** Exercise data follows **

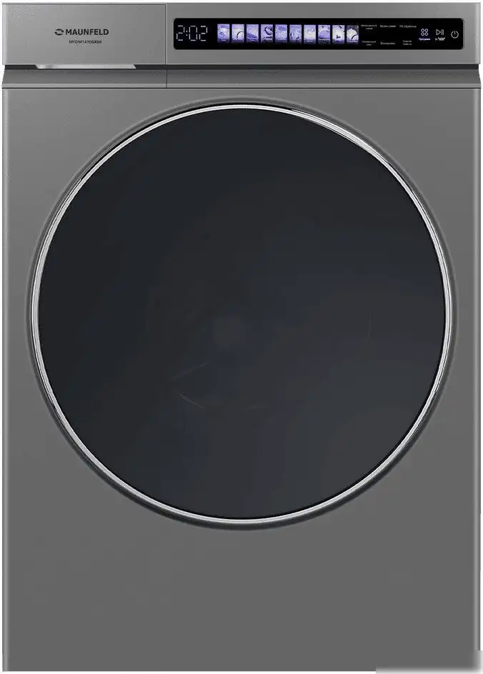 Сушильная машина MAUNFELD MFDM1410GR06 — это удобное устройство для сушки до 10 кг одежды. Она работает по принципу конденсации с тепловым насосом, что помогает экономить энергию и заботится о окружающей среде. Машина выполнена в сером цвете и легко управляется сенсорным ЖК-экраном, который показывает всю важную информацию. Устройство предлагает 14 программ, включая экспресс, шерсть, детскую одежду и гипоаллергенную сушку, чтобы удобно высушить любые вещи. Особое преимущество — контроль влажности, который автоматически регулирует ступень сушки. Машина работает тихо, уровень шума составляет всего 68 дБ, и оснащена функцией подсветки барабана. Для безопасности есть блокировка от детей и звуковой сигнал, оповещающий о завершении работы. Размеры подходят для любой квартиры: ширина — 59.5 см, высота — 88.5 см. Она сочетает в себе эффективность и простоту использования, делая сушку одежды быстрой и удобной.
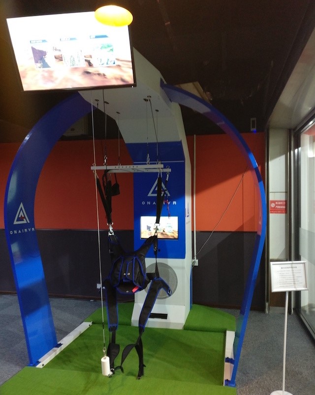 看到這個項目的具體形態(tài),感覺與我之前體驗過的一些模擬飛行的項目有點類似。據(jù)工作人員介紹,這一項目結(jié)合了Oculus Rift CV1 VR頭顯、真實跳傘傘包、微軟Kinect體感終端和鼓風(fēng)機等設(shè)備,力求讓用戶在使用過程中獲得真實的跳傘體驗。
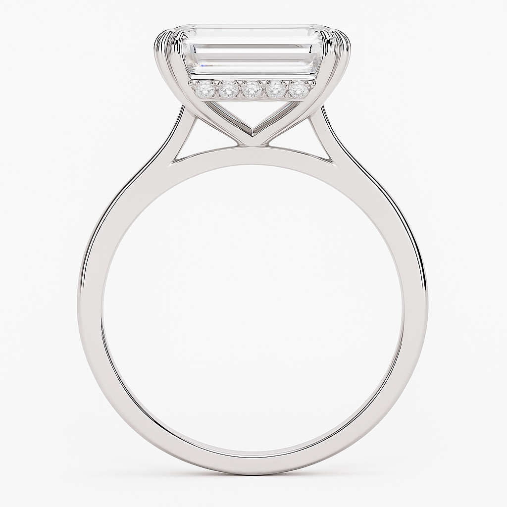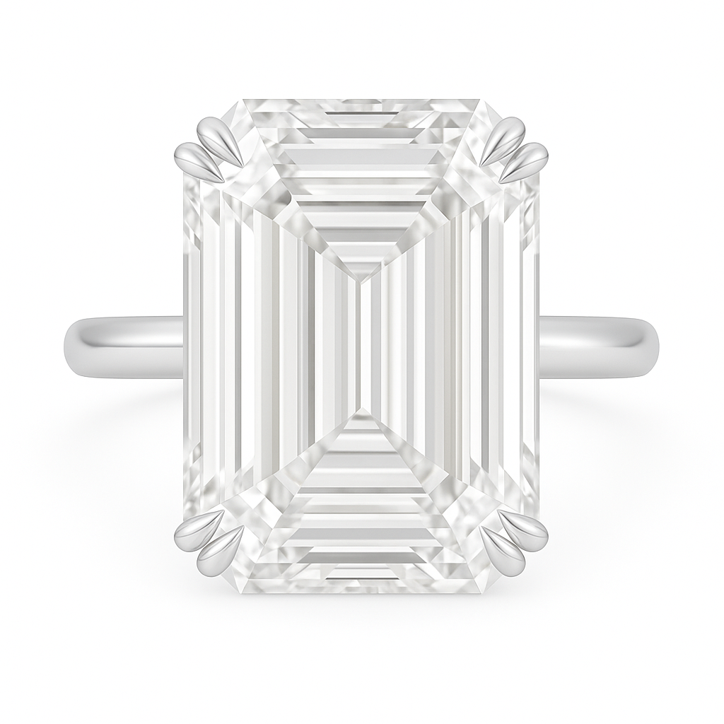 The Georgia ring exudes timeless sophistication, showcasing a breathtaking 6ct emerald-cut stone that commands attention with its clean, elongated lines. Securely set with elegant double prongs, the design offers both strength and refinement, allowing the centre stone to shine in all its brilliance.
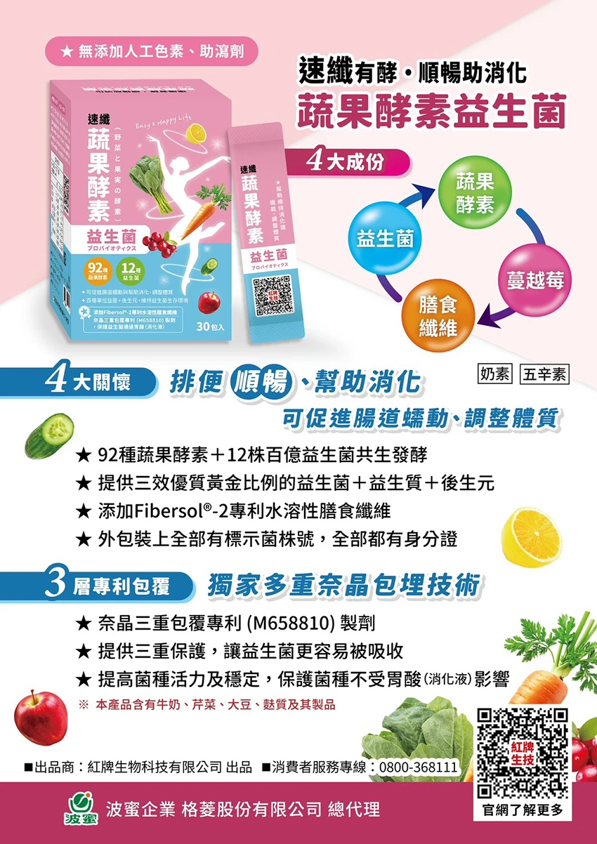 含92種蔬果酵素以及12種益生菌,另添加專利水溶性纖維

** End of Exercise data **
** Exercise data follows **

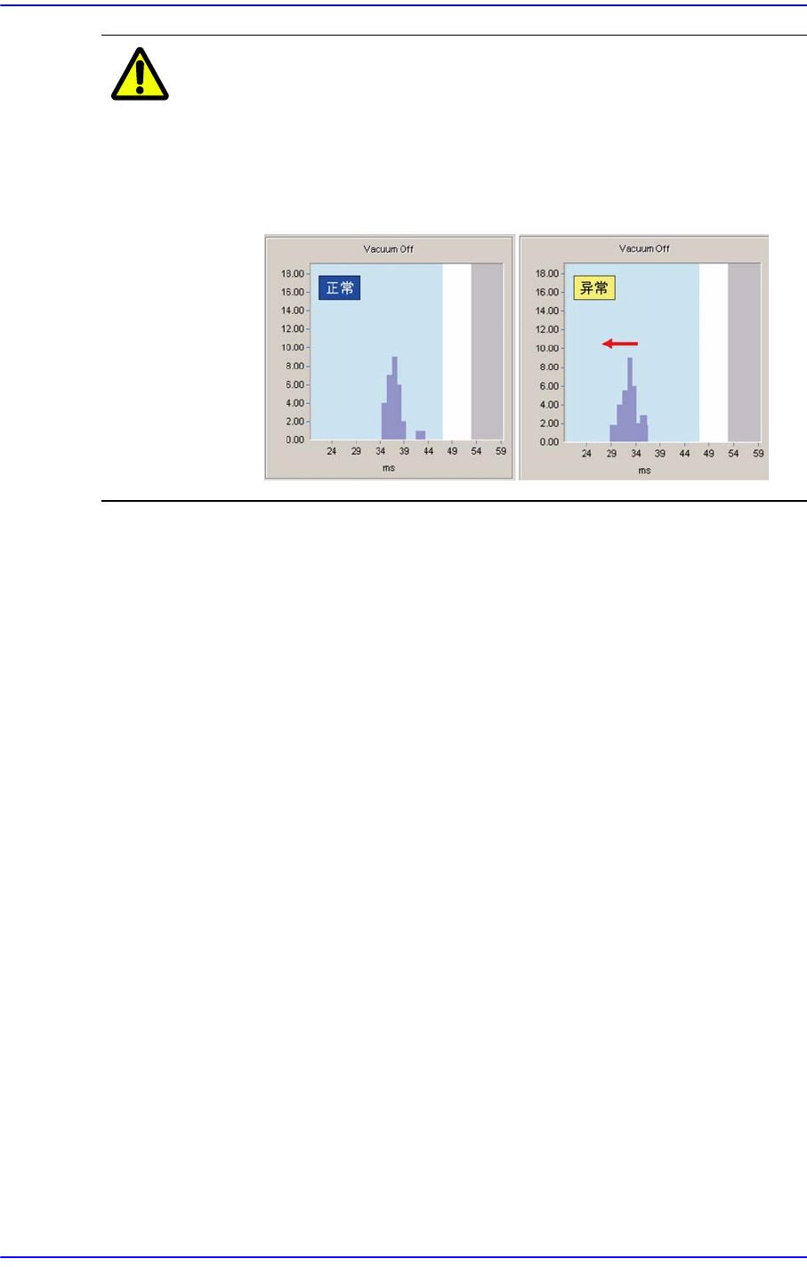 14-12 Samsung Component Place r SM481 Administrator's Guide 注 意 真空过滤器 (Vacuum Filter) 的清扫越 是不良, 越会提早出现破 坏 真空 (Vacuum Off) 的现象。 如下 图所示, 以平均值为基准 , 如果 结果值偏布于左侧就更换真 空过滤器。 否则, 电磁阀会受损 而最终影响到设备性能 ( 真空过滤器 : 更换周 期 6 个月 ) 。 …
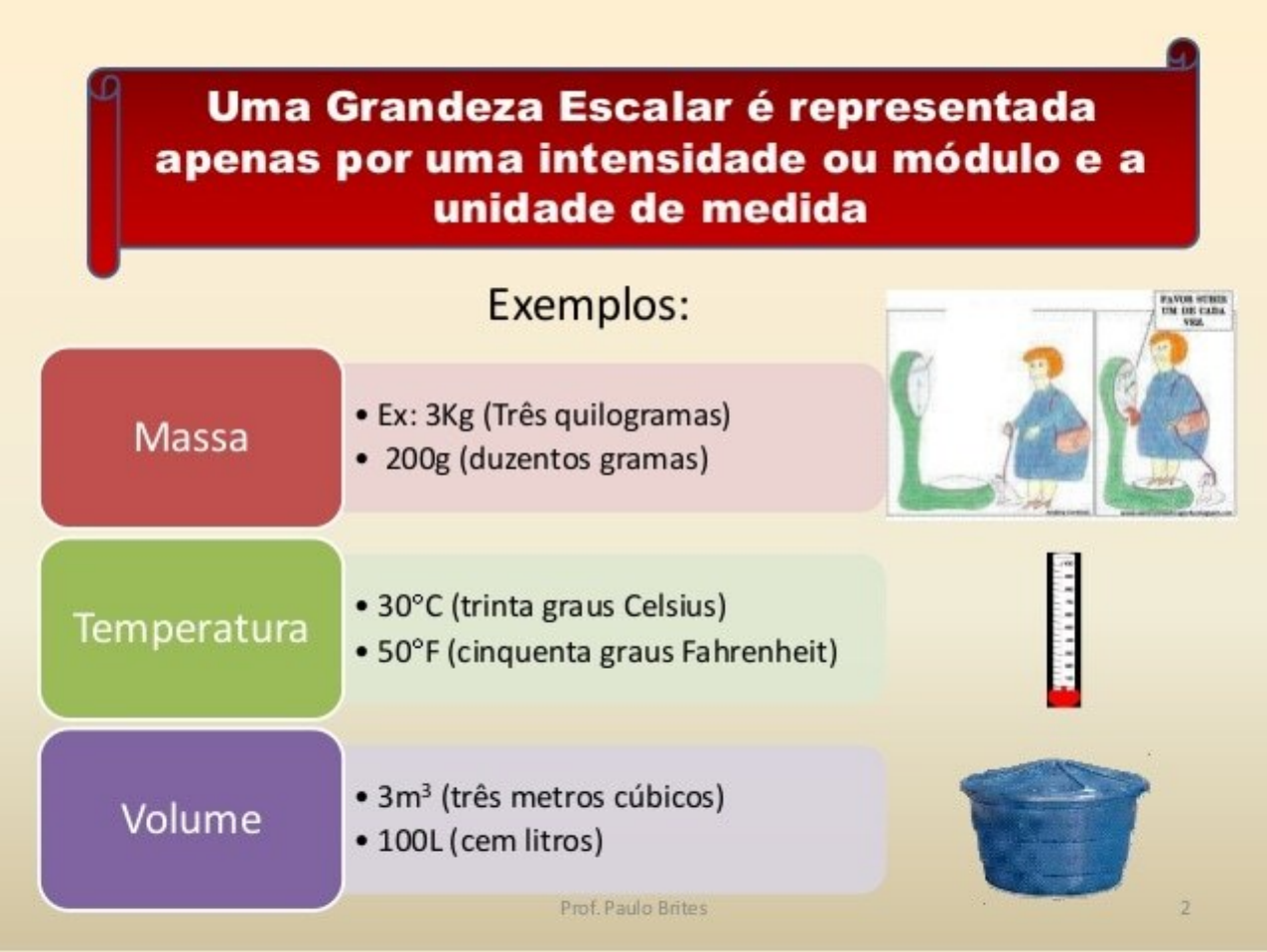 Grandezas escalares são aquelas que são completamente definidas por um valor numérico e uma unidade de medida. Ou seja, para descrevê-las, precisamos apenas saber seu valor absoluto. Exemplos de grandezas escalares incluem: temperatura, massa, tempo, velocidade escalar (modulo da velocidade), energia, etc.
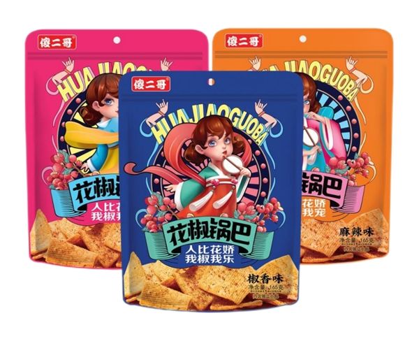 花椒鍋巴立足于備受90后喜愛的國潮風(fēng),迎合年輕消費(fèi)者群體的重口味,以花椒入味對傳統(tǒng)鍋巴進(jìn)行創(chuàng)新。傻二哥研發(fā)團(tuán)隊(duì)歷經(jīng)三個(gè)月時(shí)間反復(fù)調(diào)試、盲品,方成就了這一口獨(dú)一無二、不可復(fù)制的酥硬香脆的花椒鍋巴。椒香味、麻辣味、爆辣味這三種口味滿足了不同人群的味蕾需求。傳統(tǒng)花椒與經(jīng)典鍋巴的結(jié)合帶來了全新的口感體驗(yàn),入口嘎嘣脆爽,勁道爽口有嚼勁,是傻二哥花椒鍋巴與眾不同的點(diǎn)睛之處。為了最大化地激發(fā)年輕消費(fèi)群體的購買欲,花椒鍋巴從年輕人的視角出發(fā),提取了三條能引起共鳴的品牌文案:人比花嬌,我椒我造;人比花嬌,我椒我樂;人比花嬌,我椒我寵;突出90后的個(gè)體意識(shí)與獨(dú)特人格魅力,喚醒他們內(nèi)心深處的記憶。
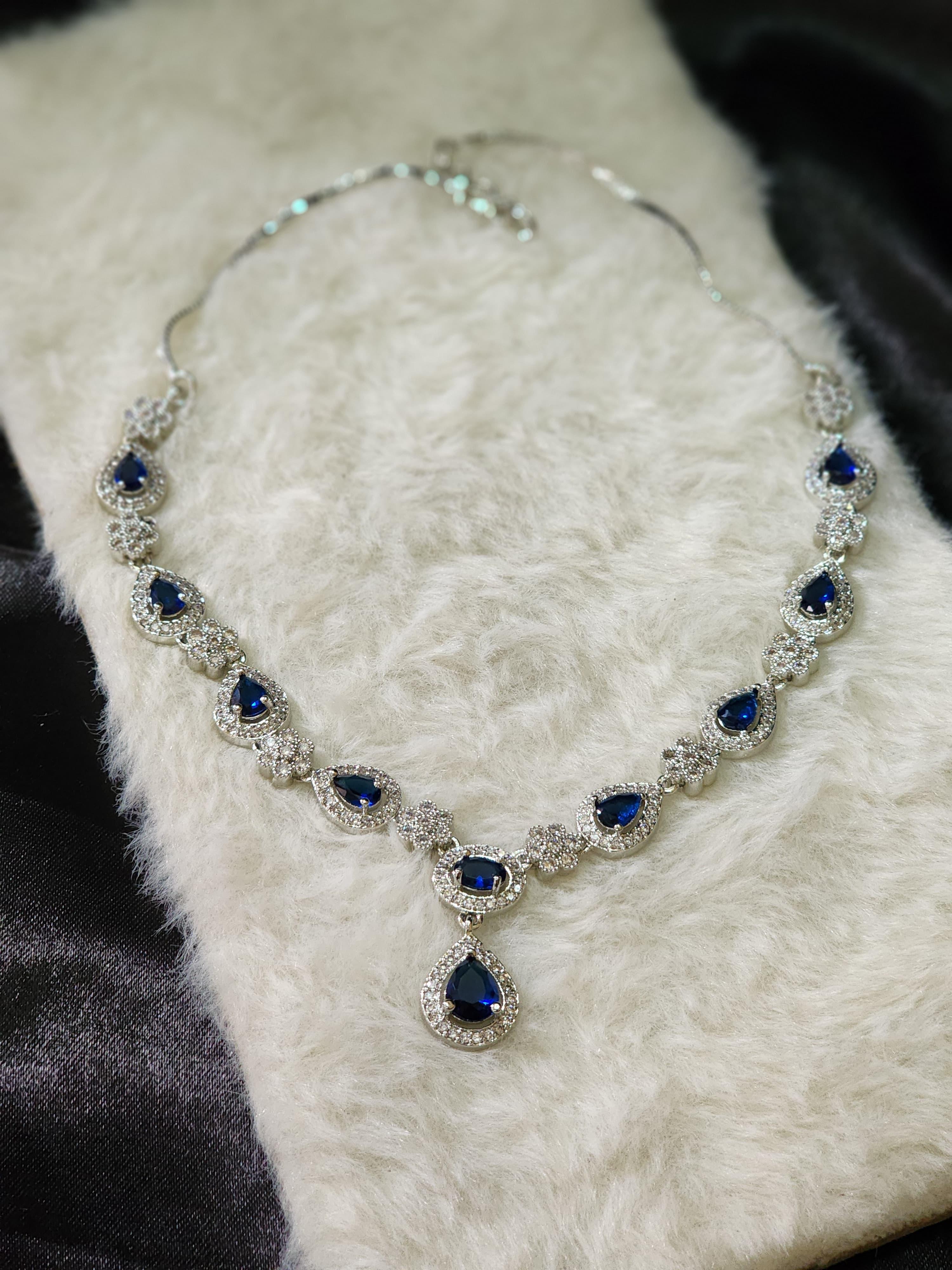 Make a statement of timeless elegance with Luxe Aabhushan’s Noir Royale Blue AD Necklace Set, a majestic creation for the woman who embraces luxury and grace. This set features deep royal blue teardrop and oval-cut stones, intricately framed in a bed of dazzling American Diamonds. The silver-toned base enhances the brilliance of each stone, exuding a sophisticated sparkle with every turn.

** End of Exercise data **
** Exercise data follows **

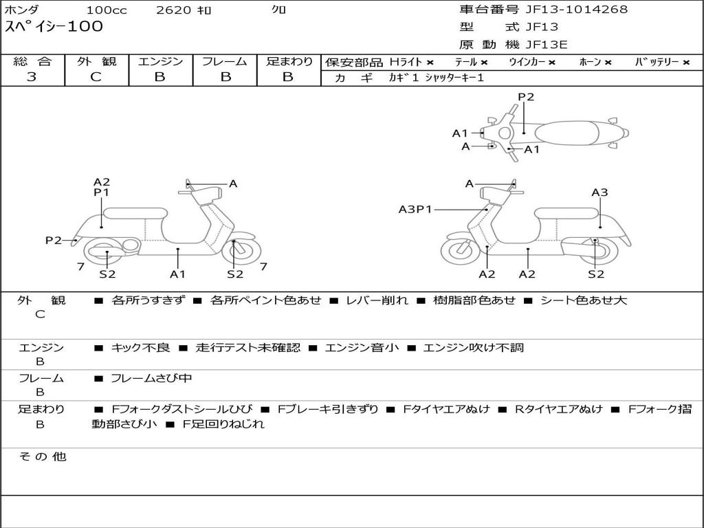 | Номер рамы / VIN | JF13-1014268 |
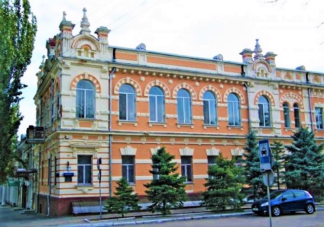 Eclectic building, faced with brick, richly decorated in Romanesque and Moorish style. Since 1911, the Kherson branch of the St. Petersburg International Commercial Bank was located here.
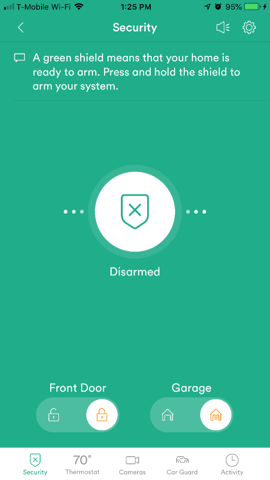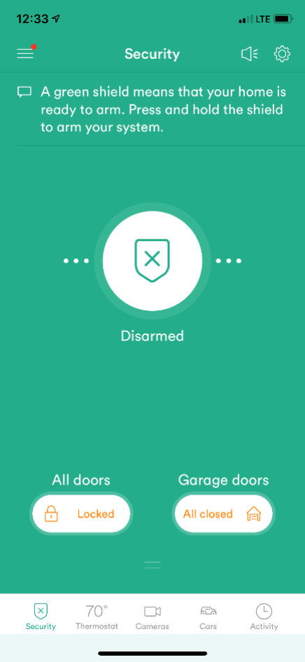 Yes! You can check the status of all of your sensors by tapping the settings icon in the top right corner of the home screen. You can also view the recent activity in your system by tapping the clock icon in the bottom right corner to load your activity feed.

** End of Exercise data **

- About this task -
Look above for the line with "The Georgia ring"; quote it and every line after it, stopping after the line with "含92種蔬果酵素以及12種益生菌,另添加專利水溶性纖維", exactly, with nothing added and without pictures.

- Written answer -
 The Georgia ring exudes timeless sophistication, showcasing a breathtaking 6ct emerald-cut stone that commands attention with its clean, elongated lines. Securely set with elegant double prongs, the design offers both strength and refinement, allowing the centre stone to shine in all its brilliance.
 含92種蔬果酵素以及12種益生菌,另添加專利水溶性纖維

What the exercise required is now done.